* [INPUT RECORDS]:
◇ ◇ ◇

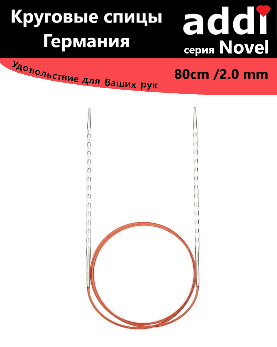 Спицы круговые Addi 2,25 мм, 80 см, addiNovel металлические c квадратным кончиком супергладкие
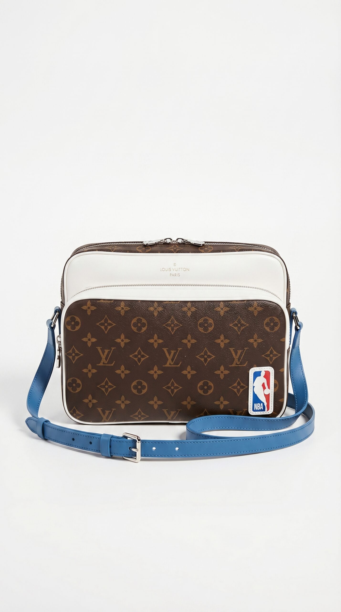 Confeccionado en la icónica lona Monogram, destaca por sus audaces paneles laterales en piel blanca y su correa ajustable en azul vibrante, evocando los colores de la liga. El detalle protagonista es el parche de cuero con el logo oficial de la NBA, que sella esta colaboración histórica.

◇ ◇ ◇

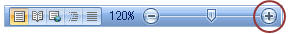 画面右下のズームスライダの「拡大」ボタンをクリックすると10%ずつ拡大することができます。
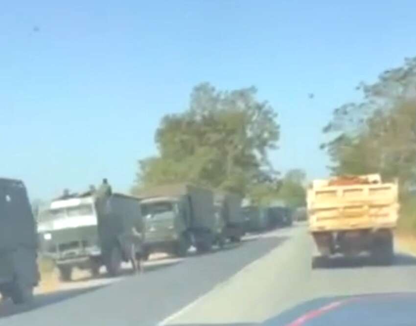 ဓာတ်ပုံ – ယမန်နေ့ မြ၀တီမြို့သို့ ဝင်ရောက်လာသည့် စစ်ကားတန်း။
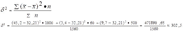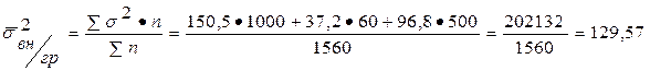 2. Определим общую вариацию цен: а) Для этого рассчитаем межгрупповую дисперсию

◇ ◇ ◇

* [YOUR INSTRUCTIONS]: All that should be printed is the run of lines above from the one with "Спицы круговые Addi" through the one with "Confeccionado en la", both included, exactly as given, with pictures left out.

* [ANSWER TO THIS PROBLEM]:
 Спицы круговые Addi 2,25 мм, 80 см, addiNovel металлические c квадратным кончиком супергладкие
 Confeccionado en la icónica lona Monogram, destaca por sus audaces paneles laterales en piel blanca y su correa ajustable en azul vibrante, evocando los colores de la liga. El detalle protagonista es el parche de cuero con el logo oficial de la NBA, que sella esta colaboración histórica.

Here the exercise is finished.